Currently I am learning ANCOVA, but I'm confused with the result.
I created a linear regression model using mtcars
like this:
summary(lm(qsec ~ wt+factor(am), data = mtcars))
The output is:
Call:
lm(formula = qsec ~ wt + factor(am), data = mtcars)
Residuals:
Min 1Q Median 3Q Max
-2.6898 -1.3063 0.0167 1.1398 3.9917
Coefficients:
Estimate Std. Error t value Pr(>|t|)
(Intercept) 22.5990 1.5596 14.490 8.17e-15 ***
wt -1.1716 0.4025 -2.911 0.00685 **
factor(am)1 -2.4141 0.7892 -3.059 0.00474 **
---
Signif. codes: 0 ‘***’ 0.001 ‘**’ 0.01 ‘*’ 0.05 ‘.’ 0.1 ‘ ’ 1
Residual standard error: 1.582 on 29 degrees of freedom
Multiple R-squared: 0.267, Adjusted R-squared: 0.2165
F-statistic: 5.283 on 2 and 29 DF, p-value: 0.01106
As you see, the p value of wt
showed 0.00685, which meaned a strong linear correlation between wt
and qsec
, as well as am
.
But when I ran aov
code:
summary(aov(qsec ~ wt+factor(am), data = mtcars))
With the output:
Df Sum Sq Mean Sq F value Pr(>F)
wt 1 3.02 3.022 1.208 0.28081
factor(am) 1 23.41 23.413 9.358 0.00474 **
Residuals 29 72.55 2.502
---
Signif. codes: 0 ‘***’ 0.001 ‘**’ 0.01 ‘*’ 0.05 ‘.’ 0.1 ‘ ’ 1
It seems like there was no effect from wt
on qsec
.
Does it mean that a strong linear correlation between wt
and qsec
could be confirmed but there is no great effect from wt
on qsec
?
Is my explanation appropriate?
First drop the factor
since am
only has two values so making it a factor will not have any effect on the results.
Now regarding the tests to get the p values they are different. For lm
the wt
p value is based on the comparison of these two models
qsec ~ am
qsec ~ wt + am
so we have
anova(lm(qsec ~ am, mtcars), lm(qsec ~ mt + am, mtcars))
## Model 1: qsec ~ am
## Model 2: qsec ~ wt + am
## Res.Df RSS Df Sum of Sq F Pr(>F)
## 1 30 93.758
## 2 29 72.554 1 21.204 8.4753 0.006854 ** <-- 0.00685
summary(lm(qsec ~ wt + am, mtcars))
## Estimate Std.

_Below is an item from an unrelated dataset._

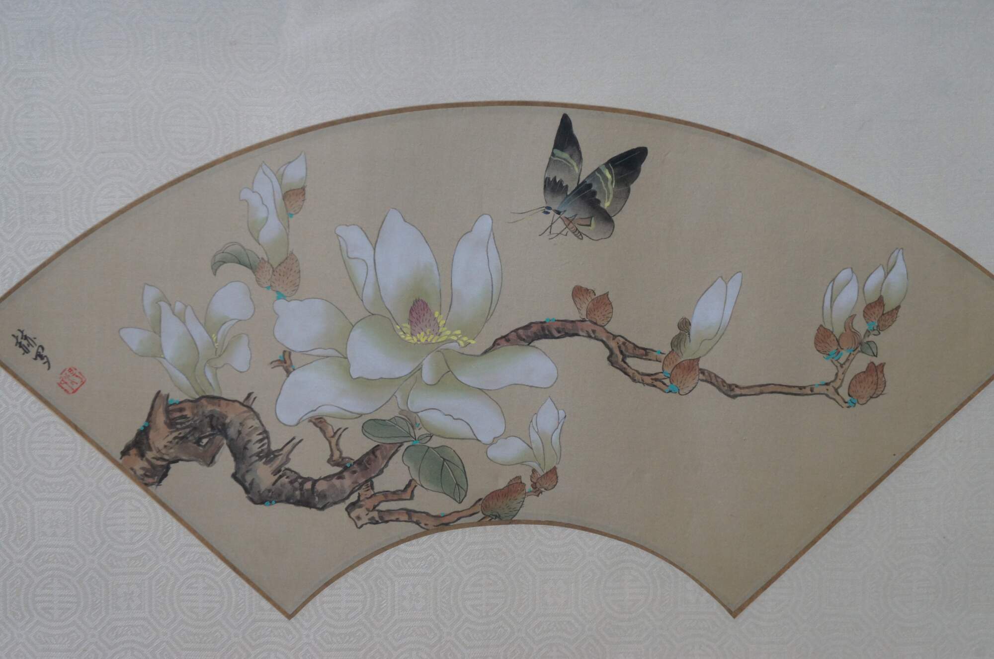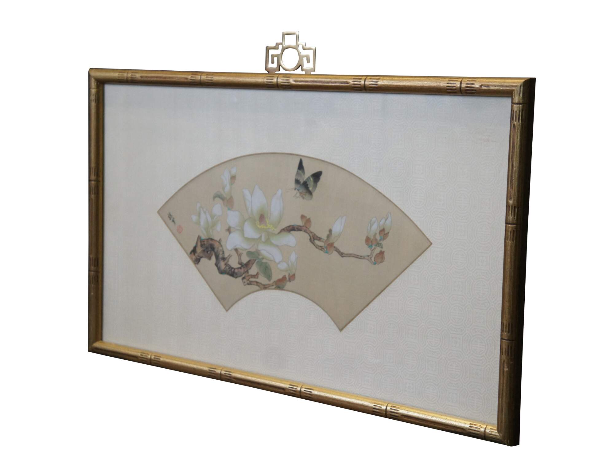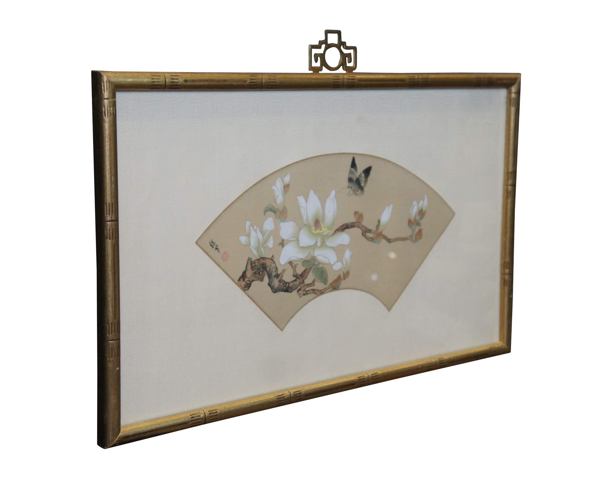 20th century framed Chinese fan silk, with a painted design of a butterfly above a flower blossom on a branch. Signed / seal at upper left corner. Faux bamboo giltwood frame with brass hanger; white patterned silk mat.

Error t value Pr(>|t|)
## (Intercept) 22.5990 1.5596 14.490 8.17e-15 ***
## wt -1.1716 0.4025 -2.911 0.00685 ** <-- 0.00685
## am -2.4141 0.7892 -3.059 0.00474 **
whereas aov
is really meant for balanced designs where the terms are orthogonal and if not, as here, then it conceptually orthogonalizes them sequentially so in that case the comparison is effectively between these two models
qsec ~ r.am
qsec ~ r.wt + r.am
where r.wt is the portion of wt
orthogonal to the intercept and r.am is the portion of am
orthogonal to wt
and the intercept so we have
r.wt <- resid(lm(wt ~ 1, mtcars))
r.am <- resid(lm(am ~ wt, mtcars))
anova(lm(qsec ~ r.am, mtcars), lm(qsec ~ r.wt + r.am, mtcars))
## Model 1: qsec ~ r.am
## Model 2: qsec ~ r.wt + r.am
## Res.Df RSS Df Sum of Sq F Pr(>F)
## 1 30 75.576
## 2 29 72.554 1 3.0217 1.2078 0.2808 <------- 0.2808
summary(aov(qsec ~ wt + am, mtcars))
## Df Sum Sq Mean Sq F value Pr(>F)
## wt 1 3.02 3.022 1.208 0.28081 <------- 0.28081
## am 1 23.41 23.413 9.358 0.00474 **
## Residuals 29 72.55 2.502
It would also be possible to demonstrate this by performing Gram Schmidt on the cbind(1, wt, am)
model matrix to make the columns orthogonal. The pracma package has a Gram Schmidt routine.